--- DATASET EXCERPTS ---

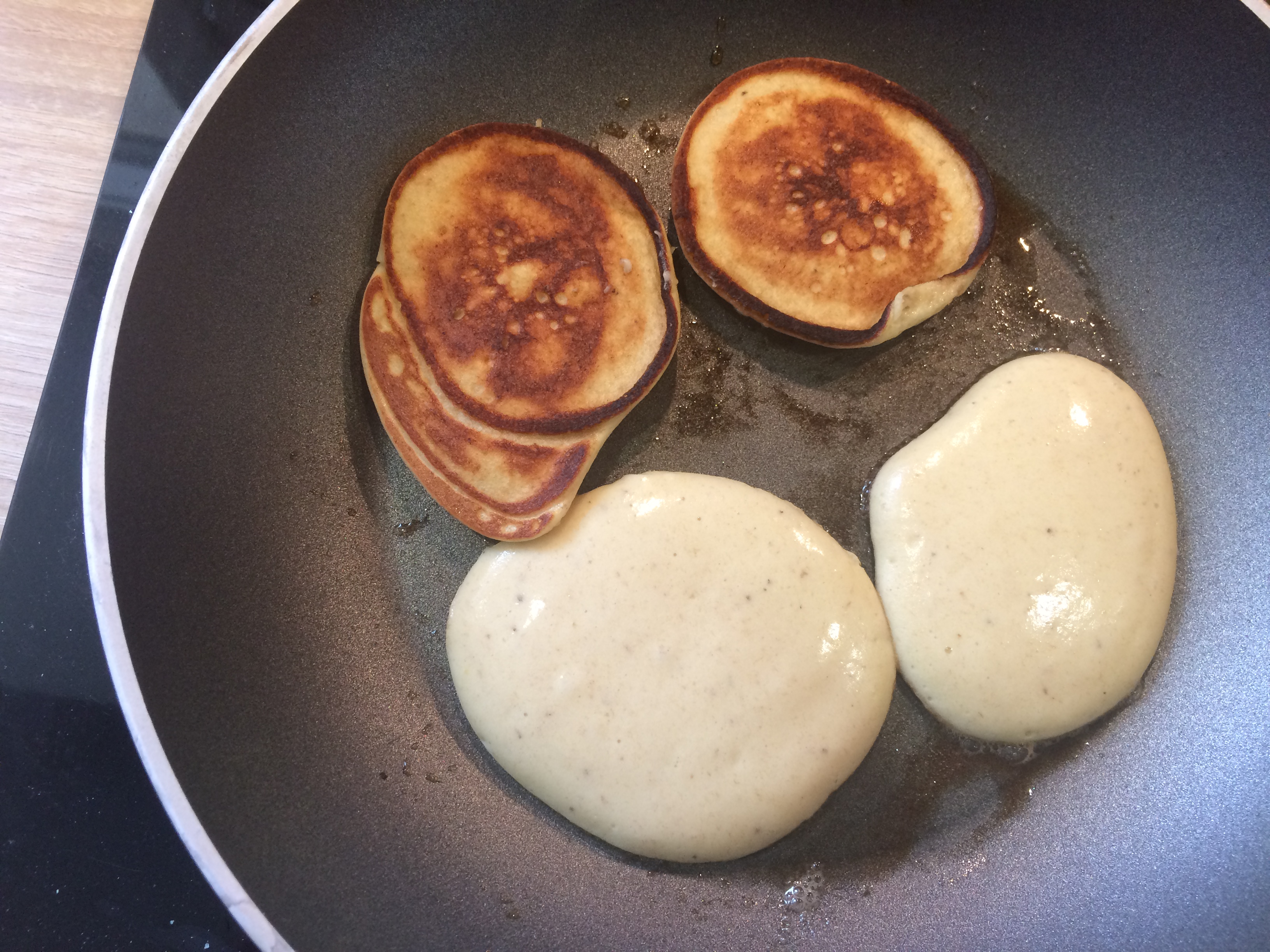 - Verse de petits tas de pâte dans la poêle, selon la taille de pancakes souhaitée.
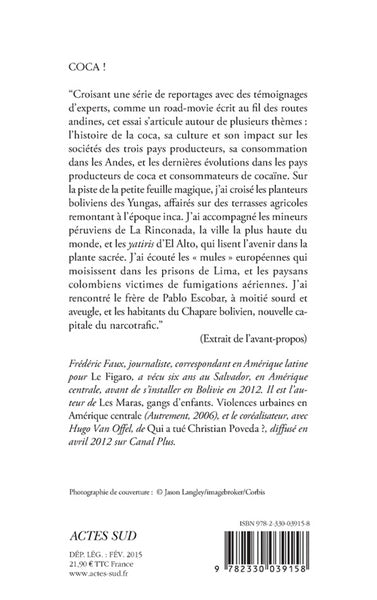 4e de couvertureDe la culture et la consommation traditionnelles de la feuille de coca jusqu'aux raids des commandos militaires dans les jungles andines, en passant par des rencontres avec des "mules" qui croupissent en prison et les dernières techniques des trafiquants de poudre blanche - Coca ! parcourt la Bolivie, le Pérou, et la Colombie pour nous faire découvrir les coulisses du spectacle terrifiant de la cocaïne, ennemie publique numéro un des gouvernements occidentaux. Avec cette enquête passionnante qui retrace toute l'histoire de la petite feuille verte, sa mythologie, son économie, sa géopolitique, enrichie d'illustrations et de graphiques, Frédéric Faux, reporter français vivant en Bolivie, livre les clés d'une question brûlante défiant nos sociétés contemporaines.,PrésentationDe la culture et la consommation traditionnelles de la feuille de coca jusqu'aux raids des commandos militaires dans les jungles andines, en passant par des rencontres avec des "mules" qui croupissent en prison et les dernières techniques des trafiquants de poudre blanche - Coca ! parcourt la Bolivie, le Pérou, et la Colombie pour nous faire découvrir les coulisses du spectacle terrifiant de la cocaïne, ennemie publique numéro un des gouvernements occidentaux.Avec cette enquête passionnante qui retrace toute l'histoire de la petite feuille verte, sa mythologie, son économie, sa géopolitique, enrichie d'illustrations et de graphiques, Frédéric Faux, reporter français vivant en Bolivie, livre les clés d'une question brûlante défiant nos sociétés contemporaines. Afficher moinsAfficher plus
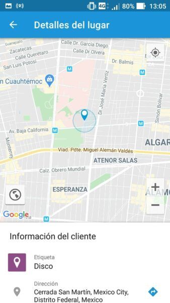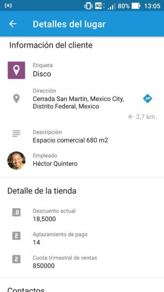 Entendemos que algunos trabajadores móviles prefieren planear sus días laborales de forma autónoma. Por tal motivo, hemos agregado la capacidad de ver la distancia al cliente\lugar más cercano directamente en el smartphone del empleado, así como llamar al número de teléfono del cliente, crear una ruta teniendo en cuenta el tráfico y echar un vistazo al perfil del cliente.
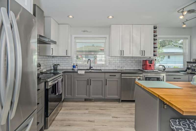 PERFECTLY PITT MEADOWS: Nestled in a quiet cul-de-sac, this beautifully maintained 6-bedroom, 3-bathroom family home offers space, comfort, and peace of mind. Thoughtfully updated throughout, it features a stunning renovated kitchen with LG appliances and a custom movable island, a large primary bedroom with ensuite and an impressive custom wall unit, refreshed bathrooms, new windows and doors, and a spacious new deck perfect for entertaining. BONUS: newer A/C unit, updated electrical and plumbing (including the main water line), newer fence, hot tub rough-in and an insulated powered shed. Ample parking in the long open driveaway and great curb appeal with low maintenance artificial grass. Close to Highland Park, pubs and restaurants, shopping, schools and the West Coast Express.
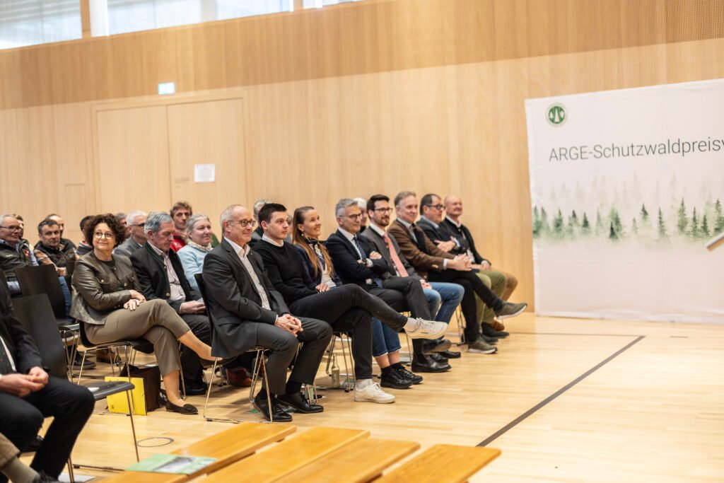 Viele waren da: Forstleute, Waldbesitzer:innen, Waldaufseher, Forstvereinsmitglieder und -funktionäre aller ARGE Mitgliedsländer, deren Politik- und Behördenvertreter:innen sowie Vertreter:innen der jeweiligen Wildbach- und Lawinenverbauung. Und vor allem natürlich die Personen aller Altersklassen, die hinter den ausgezeichneten Projekten stehen. Von Kindern im Primarschulalter bis zum „alten“ Schutzgeist, den Schutzwaldpaten des Waldes.
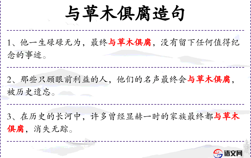 1. 【与草木俱腐】 俱:全,都。和草木一起腐烂。形容人生前无所作为,死后也默默无闻。
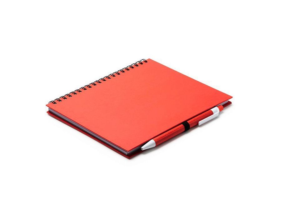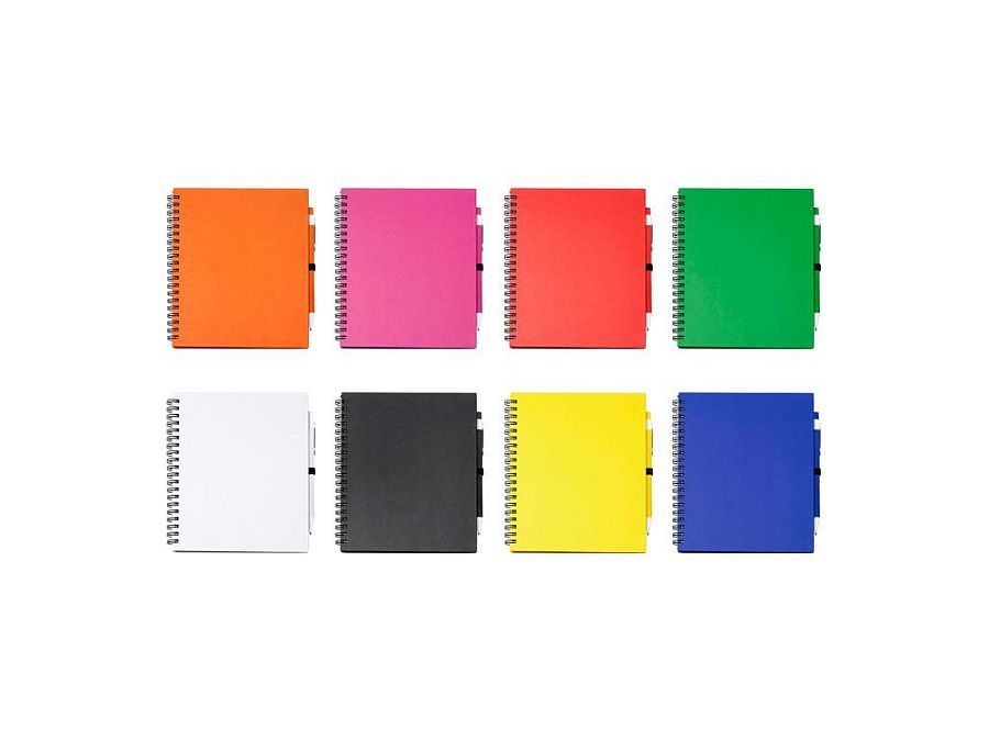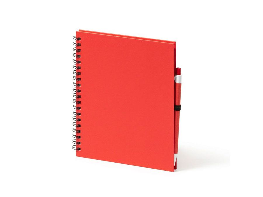 Блокнот на спирали с простыми листами и держателем для ручек. Твердая обложка и ручка из переработанного картона. 70 листов.
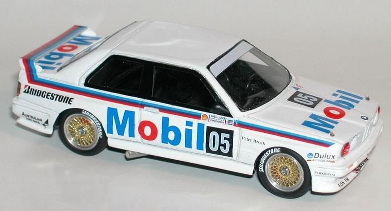 First up a Mitsubishi Lancer Evo 3 driven by Tommi Makinen and Seppo Harjanne in the '96 Rally Australia. They won the championship at this event. Kit by Provence Moulage. Just noticed I have lost part of the Michelen tyre decal on the rear. Grrr. ![]() Next up is a BMW M3 driven by Peter Brock in the Australian Touring Car Championship in 1988. Bought the kit from www.automodellistudio.com. Not sure of the brand of kit. |

---

EXERCISE OBJECTIVE: Quote the records in full and exactly; skip any image.

RESPONSE AREA:
 - Verse de petits tas de pâte dans la poêle, selon la taille de pancakes souhaitée.
 4e de couvertureDe la culture et la consommation traditionnelles de la feuille de coca jusqu'aux raids des commandos militaires dans les jungles andines, en passant par des rencontres avec des "mules" qui croupissent en prison et les dernières techniques des trafiquants de poudre blanche - Coca ! parcourt la Bolivie, le Pérou, et la Colombie pour nous faire découvrir les coulisses du spectacle terrifiant de la cocaïne, ennemie publique numéro un des gouvernements occidentaux. Avec cette enquête passionnante qui retrace toute l'histoire de la petite feuille verte, sa mythologie, son économie, sa géopolitique, enrichie d'illustrations et de graphiques, Frédéric Faux, reporter français vivant en Bolivie, livre les clés d'une question brûlante défiant nos sociétés contemporaines.,PrésentationDe la culture et la consommation traditionnelles de la feuille de coca jusqu'aux raids des commandos militaires dans les jungles andines, en passant par des rencontres avec des "mules" qui croupissent en prison et les dernières techniques des trafiquants de poudre blanche - Coca ! parcourt la Bolivie, le Pérou, et la Colombie pour nous faire découvrir les coulisses du spectacle terrifiant de la cocaïne, ennemie publique numéro un des gouvernements occidentaux.Avec cette enquête passionnante qui retrace toute l'histoire de la petite feuille verte, sa mythologie, son économie, sa géopolitique, enrichie d'illustrations et de graphiques, Frédéric Faux, reporter français vivant en Bolivie, livre les clés d'une question brûlante défiant nos sociétés contemporaines. Afficher moinsAfficher plus
 Entendemos que algunos trabajadores móviles prefieren planear sus días laborales de forma autónoma. Por tal motivo, hemos agregado la capacidad de ver la distancia al cliente\lugar más cercano directamente en el smartphone del empleado, así como llamar al número de teléfono del cliente, crear una ruta teniendo en cuenta el tráfico y echar un vistazo al perfil del cliente.
 PERFECTLY PITT MEADOWS: Nestled in a quiet cul-de-sac, this beautifully maintained 6-bedroom, 3-bathroom family home offers space, comfort, and peace of mind. Thoughtfully updated throughout, it features a stunning renovated kitchen with LG appliances and a custom movable island, a large primary bedroom with ensuite and an impressive custom wall unit, refreshed bathrooms, new windows and doors, and a spacious new deck perfect for entertaining. BONUS: newer A/C unit, updated electrical and plumbing (including the main water line), newer fence, hot tub rough-in and an insulated powered shed. Ample parking in the long open driveaway and great curb appeal with low maintenance artificial grass. Close to Highland Park, pubs and restaurants, shopping, schools and the West Coast Express.
 Viele waren da: Forstleute, Waldbesitzer:innen, Waldaufseher, Forstvereinsmitglieder und -funktionäre aller ARGE Mitgliedsländer, deren Politik- und Behördenvertreter:innen sowie Vertreter:innen der jeweiligen Wildbach- und Lawinenverbauung. Und vor allem natürlich die Personen aller Altersklassen, die hinter den ausgezeichneten Projekten stehen. Von Kindern im Primarschulalter bis zum „alten“ Schutzgeist, den Schutzwaldpaten des Waldes.
 1. 【与草木俱腐】 俱:全,都。和草木一起腐烂。形容人生前无所作为,死后也默默无闻。
 Блокнот на спирали с простыми листами и держателем для ручек. Твердая обложка и ручка из переработанного картона. 70 листов.
 First up a Mitsubishi Lancer Evo 3 driven by Tommi Makinen and Seppo Harjanne in the '96 Rally Australia. They won the championship at this event. Kit by Provence Moulage. Just noticed I have lost part of the Michelen tyre decal on the rear. Grrr. ![]() Next up is a BMW M3 driven by Peter Brock in the Australian Touring Car Championship in 1988. Bought the kit from www.automodellistudio.com. Not sure of the brand of kit. |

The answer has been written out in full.